4 Tips for Tagging Your First Wild Turkey

You don’t have to be a champion caller to kill a wild turkey. Here are four tips to increase the odds of tagging your first tom or jake this spring.

4 Tips for Tagging Your First Wild Turkey

Photo and caption from Mossy Oak Facebook: Amber decided to turkey hunt after all of her kids started hunting. She closed the season with her first longbeard in Minnesota with her husband, Shawn. Congrats, Amber!

When I started turkey hunting back in the mid-1980s, I knew next to nothing. In fact, I wasn’t confident I could distinguish a hen from a jake, and was worried I might pull the trigger on an illegal bird.

True story: My buddy and I crept into a hardwoods in southeast Minnesota before daylight, and soon the valley below us was alive with strange sounds. We had watched a turkey hunting video on a VHS tape before the trip, but nothing in that video matched what we were hearing and experiencing. Could these sounds be wild turkeys? “Can’t be . . . there’s too many,” my buddy whispered as the sky brightened in the east.

An hour later, while we were still sitting at the base of a maple tree, my buddy and I looked at each other in confusion as the strange sounds (gobbling!) were now coming from the green fields behind us, likely not far from our truck. Could these sounds be turkeys? Thinking they had to be birds, we crept toward the field edge and spotted three strutting toms gobbling their heads off.

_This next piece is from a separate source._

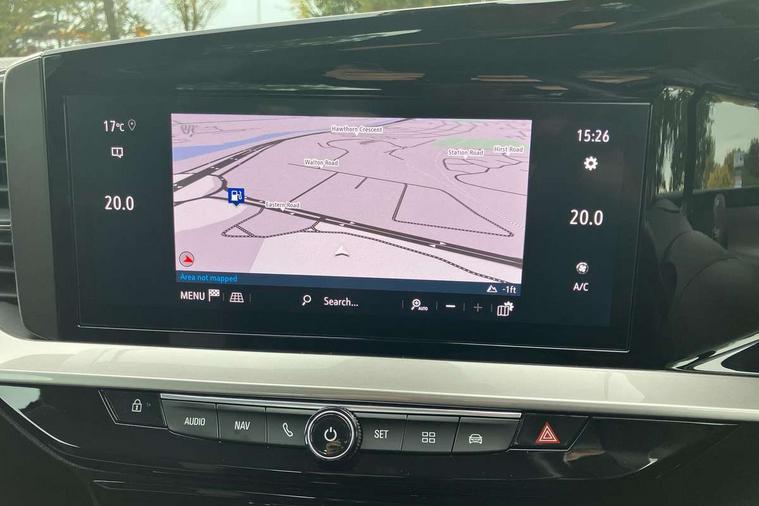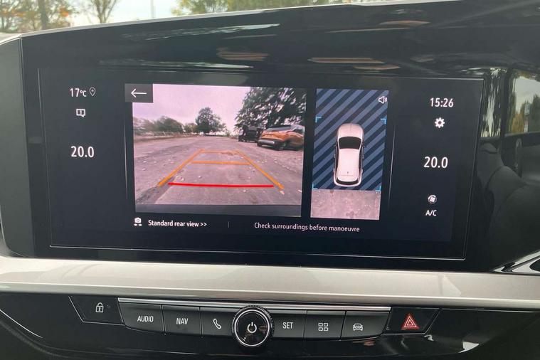 Automatic adaptive cruise control, Driver drowsiness alert system, Engine start/stop button, Front and rear parking distance sensors, Front camera system, Lane positioning assist, Lights on audible warning, Multi function trip computer, Panoramic rear view camera, Power assisted speed sensitive steering, Side blind spot alert and flank guard, Smartphone integration compatible with Apple CarPlay and Android Auto, Speed sign recognition, Start/stop system, Vauxhall connect, 8 speed automatic transmission, Chassis drive line front wheel drive, Front chassis equipment, Rear chassis equipment, Standard chassis suspension system ride handling, Bluetooth A2DP audio streaming, Flexible Roof Mounted Radio Aerial, Front USB connection, Mobile phone portal - bluetooth connect, vehicle microphone, handsfree calls, SMS read out and reply, phone book access, Multimedia Navi pro infotainment with satellite nav, 10" colour touchscreen, 6 speakers, DAB radio, 12" instrument panel, Apple carplay/Android auto, Steering wheel mounted controls, Two rear USB sockets, Adaptive brake lights, Automatic lighting control with tunnel detection, Automatically dimming anti dazzle rear view mirror, Black door mirror housings, Black rear spoiler, Body colour door handles, Body colour front and rear bumpers, Chrome effect skid plates, Chrome effect upper window moulding, Electrically adjustable, heated and folding door mirrors, Electrically operated front and rear windows with safety auto reverse and one touch up/down facility, Hazard warning lights, Heated rear window+rear wash/wipe, High beam assist, LED daytime running lights, LED front fog lamps, LED side repeat indicators, LED tail lights, Manual headlamp level control, Rear foglight, Rear wiper, Reversing light, Solar heat absorbing windscreen and windows, Two speed rain-sensitive windscreen wipers with variable intermittent wipe, Windscreen and side window demist vents, 12V Accessory socket, 3 spoke flat bottomed leather steering wheel with satin chrome bezel, 4 speed fan with illuminated controls, 6 way manual adjustable driver fore/aft, up/down with reclining seatback, 6 way manual adjustable front passenger fore/aft, up/down with reclining seatback, Air recirculation system, Cabin particulate filter - removes dust, airborne particles and pollen, Centre console with two cup holders at front and one in rear, Chrome effect interior door handles, Door pockets with two litre capacity, Driver and passenger seat pocket, Driver and passenger sun visors with vanity mirror, Electronic climate control (ECC), Fabric/leather upholstery with jet black fabric side bolsters, Four adjustable facia vents, Four load restraint lashing eyes, Front centre armrest with storage, Front map reading lights, Front seat back storage pockets, Fully carpeted load area, Heated front seats, Height adjustable front/rear head restraints, Illuminated load area, Interior courtesy light, Interior tailgate handle, Luggage compartment cover, Luggage compartment lighting, Reach + rake adjustable steering column, Twin gas assisted tailgate struts, 2x Isofix child seat fitting on outer rear seats, 3x3 point rear seat belts, Anti-lock braking system (ABS), Automatic emergency city braking, Child proof locks on rear doors, Cornering brake control, Deactivation switch for front passenger front and side impact airbags, Drag torque control, Driver and front passenger airbags, front seat side impact airbags, full size curtain airbags, Electronic brake force distribution, Electronic Stability Programme (ESP), Emergency brake assist, Forward collision alert at all speed, Hill start assist, Inertia reel lap and diagonal seatbelts for all seats, Seatbelt unfastened audible warning and warning light, Straight line stability control, Traction control, Tyre pressure monitoring system, Electronically protected audio equipment, Freewheeling door locks, Immobiliser, Key left in ignition audible warning, Keyless entry and start, Locking wheel nuts, Remote control central locking, Remote control ultrasonic security alarm system, Visible vehicle identification number, Atlantis black trim inserts of front doors, Black facia with silver trim insert, Instrument panel bar in Light Gravel, 17" bi colour alloy wheels,

My first turkey season ended without a shot being fired, but at least my buddy and I learned something about turkey behavior, and we’ve been learning more and more each season since. 

Below are four tips to increase the odds of tagging your first tom or jake this spring. Don’t make the mistake of thinking you must know and understand everything about wild turkeys to kill one. And you don’t have to be a champion caller, either.

1. Wait on an Agricultural Field Edge

Turkeys love to pick through cut and picked cornfields for kernels, and they like green fields planted with clover and other products, too. Even if a cornfield was plowed the previous fall after cutting/picking, turkeys will still search through the dirt for kernels, or look for insects and worms. At some point during the day, turkeys will visit the field. Sit butt on the ground with your back against a big tree or a brush pile and wait. Learn where turkeys like to enter and exit a field, then move if necessary to get in better position.

 

2. Use a Decoy

You don’t need an expensive turkey decoy or several dekes to kill your first tom or jake. Check out the Flextone Thunder Chick Feeder (MSRP: $49.99) for an affordable model that’s easy to carry and looks good (see video below). Place a lone hen decoy at 20 yards so she can be spotted from long range. In addition to visiting fields to feed, a tom or jake can easily spot hens on fields. If a tom or jake stops 10 yards beyond your decoy, it’s still within shotgun range. Tip: Find a long stick and jam it into the ground at 30 yards; this will be your marker for maximum shooting range. (Yes, some gun hunters kill turkeys at ranges twice this far, but unless you’ve dedicated a lot of time at the range testing shotgun chokes, loads and patterns, it’s better to wait for a closer shot.)

3. Learn to Yelp

As I said earlier, you don’t need to be a champion caller to get the attention of a wild turkey. And you don’t need to buy numerous expensive calls. Instead, buy a slate call such as the Primos Ol’ Betsy Turkey Call ($16.99) and learn how to make a series of yelps. This isn’t difficult. After roughing up the slate surface with the included conditioning pad (sandpaper also works), you simply draw nickel-sized ovals on the slate, keeping the striker in contact with the slate as you draw. After a minute or two of practice, you’ll be making yelps that sound decent enough to fool a tom or jake. 

The video below shows how to make a series of yelps on a slate call.

4. Be Ready to Shoot, Then Aim for the Base of a Turkey’s Neck

In the video below, Realtree’s David Blanton shows how to hold your shotgun when a turkey has been spotted, or when one has answered your call (i.e. gobbled) and is close but out of sight.

If you’re patient and wait for a shot between 20 and 30 yards, and aim at the base of a turkey’s neck, it won’t matter which shotgun shell you choose (within reason). I’ve killed many turkeys with 2.75-inch No. 4s (i.e. standard loads for pheasants) with my Remington 870 pump shotgun and a standard full choke.